Quantitative homogenization theory for random suspensions in steady Stokes flow

Duerinckx, Mitia; Gloria, Antoine

doi:10.5802/jep.204

Quantitative homogenization theory for random suspensions in steady Stokes flow
[Homogénéisation quantitative de suspensions aléatoires de particules dans un fluide de Stokes stationnaire]

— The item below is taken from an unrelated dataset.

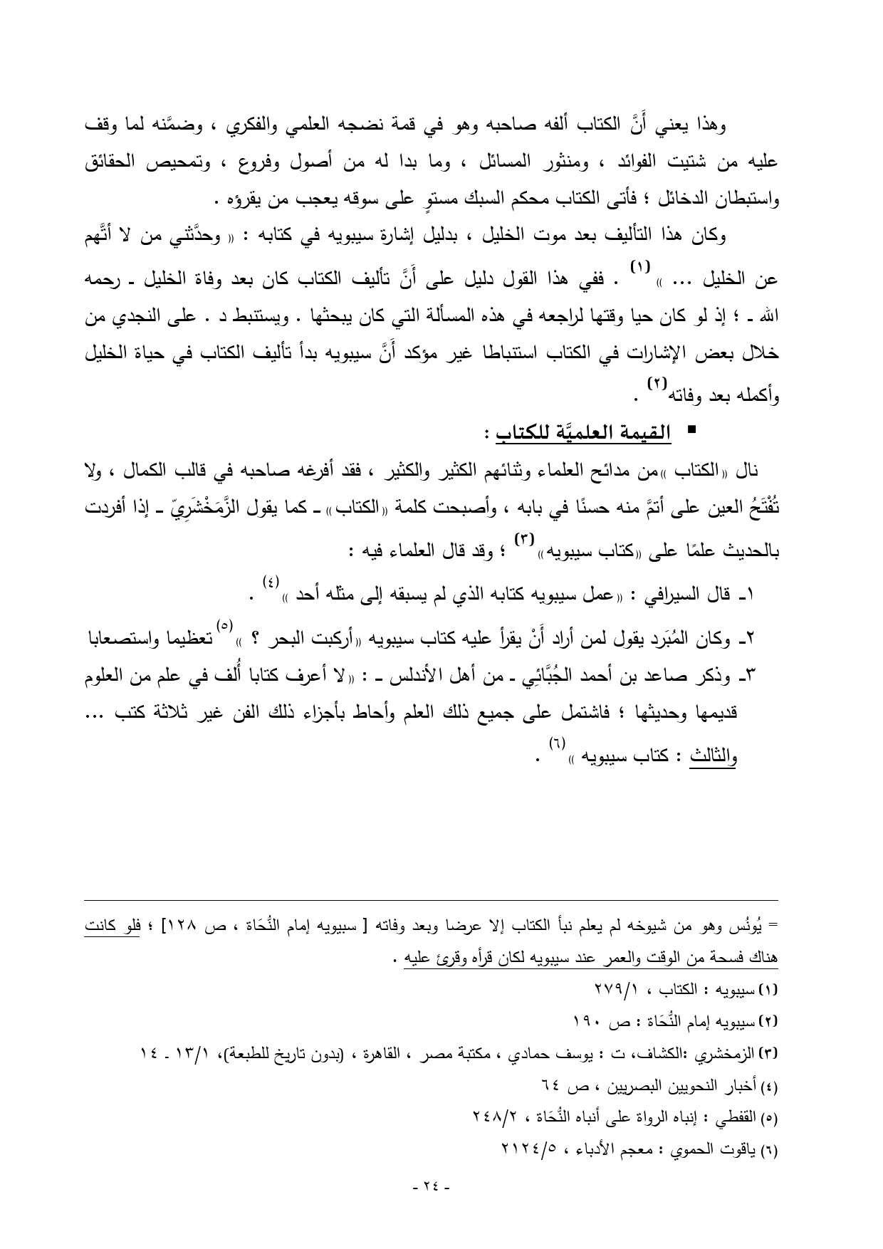 1 ــــ قال السيرافي: «عمل سيبويه كتابه الذي لم يسبقه إلى مثله أحد» (¬4).

Duerinckx, Mitia ¹ ; Gloria, Antoine ²

¹ Université Paris-Saclay, CNRS, Laboratoire de Mathématiques d’Orsay 91400 Orsay, France & University of California, Los Angeles, Department of Mathematics Los Angeles CA 90095, USA & Université Libre de Bruxelles, Département de Mathématique 1050 Brussels, Belgium
² Sorbonne Université, CNRS, Université de Paris, Laboratoire Jacques-Louis Lions 75005 Paris, France & Institut Universitaire de France & Université Libre de Bruxelles, Département de Mathématique 1050 Brussels, Belgium

Journal de l’École polytechnique — Mathématiques, Tome 9 (2022), pp. 1183-1244.

Résumé
Abstract

Ce travail développe une théorie quantitative de l’homogénéisation de suspensions aléatoires de particules rigides dans un fluide de Stokes stationnaire, complétant les résultats qualitatifs récents. Plus précisément, nous établissons une théorie de régularité aux grandes échelles pour ce problème de Stokes et nous montrons des estimations de moments pour les correcteurs associés, ainsi que des estimations optimales de convergence de l’erreur d’homogénéisation (sous des hypothèses quantitatives d’ergodicité de la suspension aléatoire). En comparaison à la théorie pour les équations elliptiques linéaires sous forme divergence, l’incompressibilité du fluide et la rigidité des particules soulèvent des difficultés analytiques additionnelles. Notre analyse couvre également le problème des inclusions rigides en élasticité linéaire (compressible ou incompressible) et en électrostatique ; les résultats sont nouveaux pour ces modèles également, même dans le cas périodique.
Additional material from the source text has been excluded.